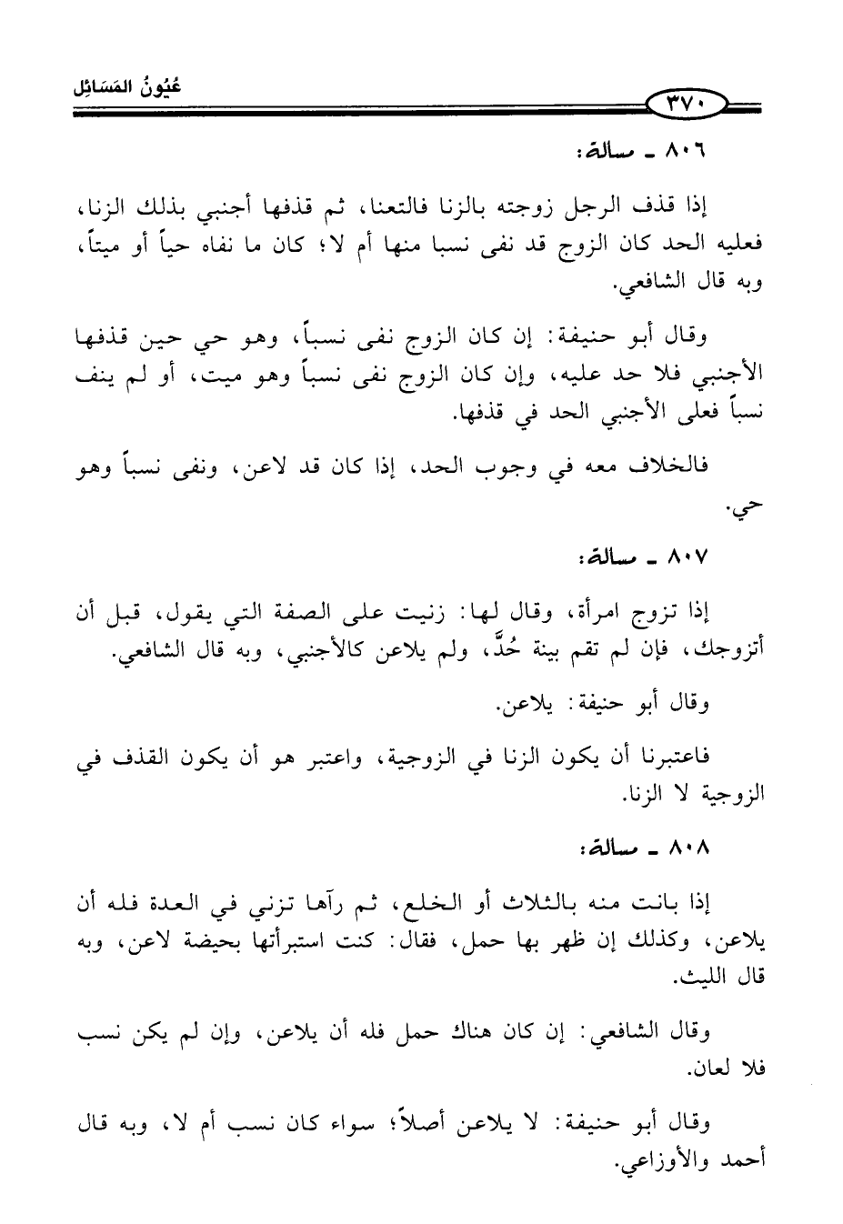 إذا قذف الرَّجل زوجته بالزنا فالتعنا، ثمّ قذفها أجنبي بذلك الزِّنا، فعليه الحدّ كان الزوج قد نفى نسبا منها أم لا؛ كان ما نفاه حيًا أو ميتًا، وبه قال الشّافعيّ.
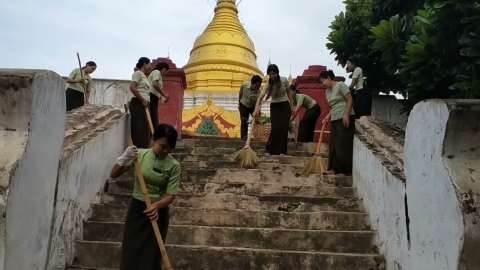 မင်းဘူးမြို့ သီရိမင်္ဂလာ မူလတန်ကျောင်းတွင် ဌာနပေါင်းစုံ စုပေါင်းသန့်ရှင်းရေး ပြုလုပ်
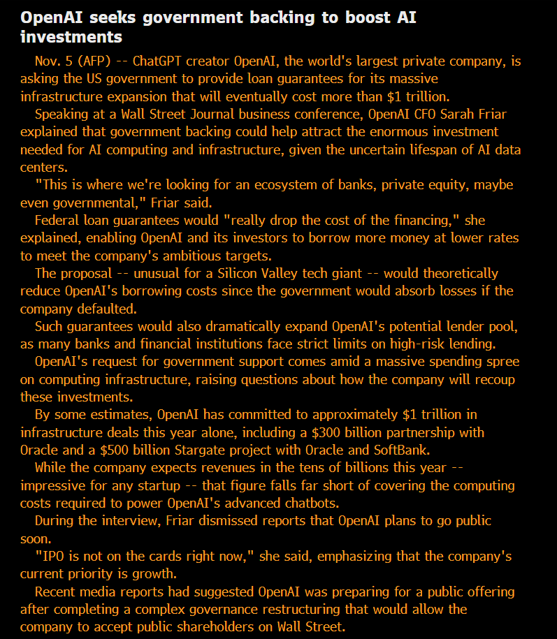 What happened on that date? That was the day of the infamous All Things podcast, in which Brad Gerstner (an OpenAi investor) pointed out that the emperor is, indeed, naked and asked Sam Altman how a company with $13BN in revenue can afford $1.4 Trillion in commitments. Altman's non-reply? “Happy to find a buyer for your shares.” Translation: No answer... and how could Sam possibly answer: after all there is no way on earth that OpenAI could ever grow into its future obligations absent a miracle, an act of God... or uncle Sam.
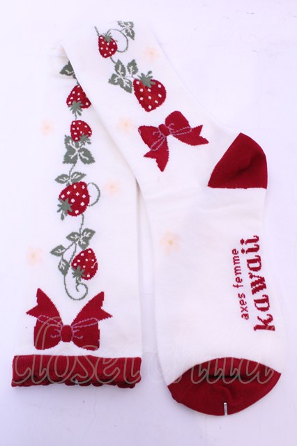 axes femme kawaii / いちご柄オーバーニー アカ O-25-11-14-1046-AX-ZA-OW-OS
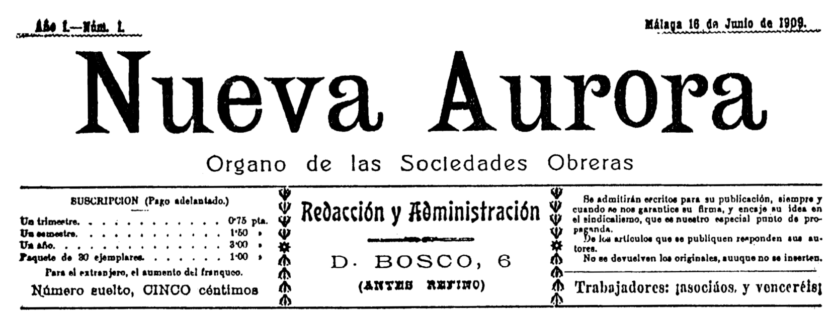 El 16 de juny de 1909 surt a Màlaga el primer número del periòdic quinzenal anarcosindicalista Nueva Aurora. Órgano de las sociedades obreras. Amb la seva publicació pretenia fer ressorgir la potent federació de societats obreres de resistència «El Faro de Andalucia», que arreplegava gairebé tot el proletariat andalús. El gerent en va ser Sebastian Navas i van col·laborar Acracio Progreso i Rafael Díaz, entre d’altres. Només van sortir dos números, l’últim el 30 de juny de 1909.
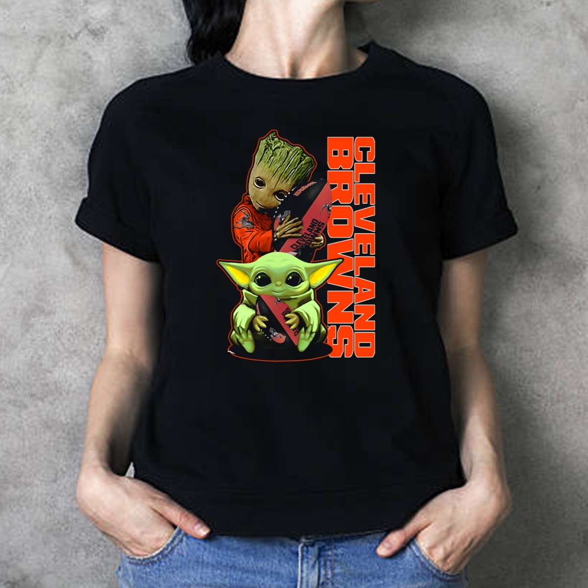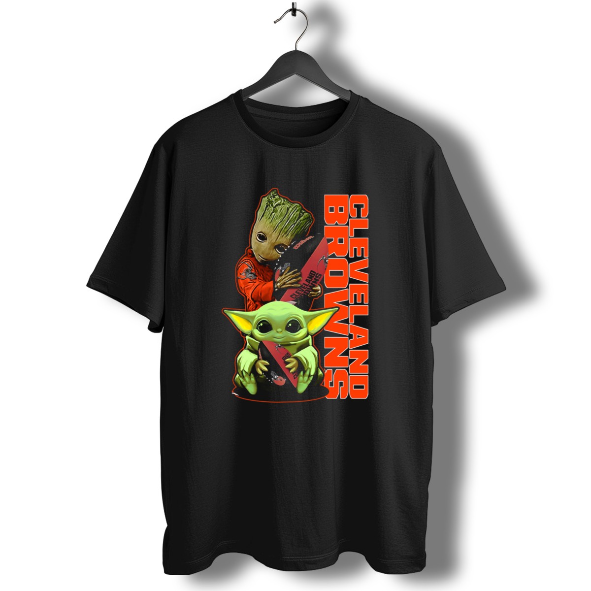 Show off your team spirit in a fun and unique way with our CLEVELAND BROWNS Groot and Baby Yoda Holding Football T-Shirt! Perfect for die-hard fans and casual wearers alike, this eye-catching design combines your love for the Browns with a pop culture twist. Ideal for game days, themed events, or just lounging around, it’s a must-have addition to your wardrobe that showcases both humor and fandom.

——————————

**Exercise directions:** Reproduce exactly, and only, the lines from the opening line of the listing above through the line holding "မင်းဘူးမြို့ သီရိမင်္ဂလာ မူလတန်ကျောင်းတွင်", minus the pictures.

**Problem solution:**
 إذا قذف الرَّجل زوجته بالزنا فالتعنا، ثمّ قذفها أجنبي بذلك الزِّنا، فعليه الحدّ كان الزوج قد نفى نسبا منها أم لا؛ كان ما نفاه حيًا أو ميتًا، وبه قال الشّافعيّ.
 မင်းဘူးမြို့ သီရိမင်္ဂလာ မူလတန်ကျောင်းတွင် ဌာနပေါင်းစုံ စုပေါင်းသန့်ရှင်းရေး ပြုလုပ်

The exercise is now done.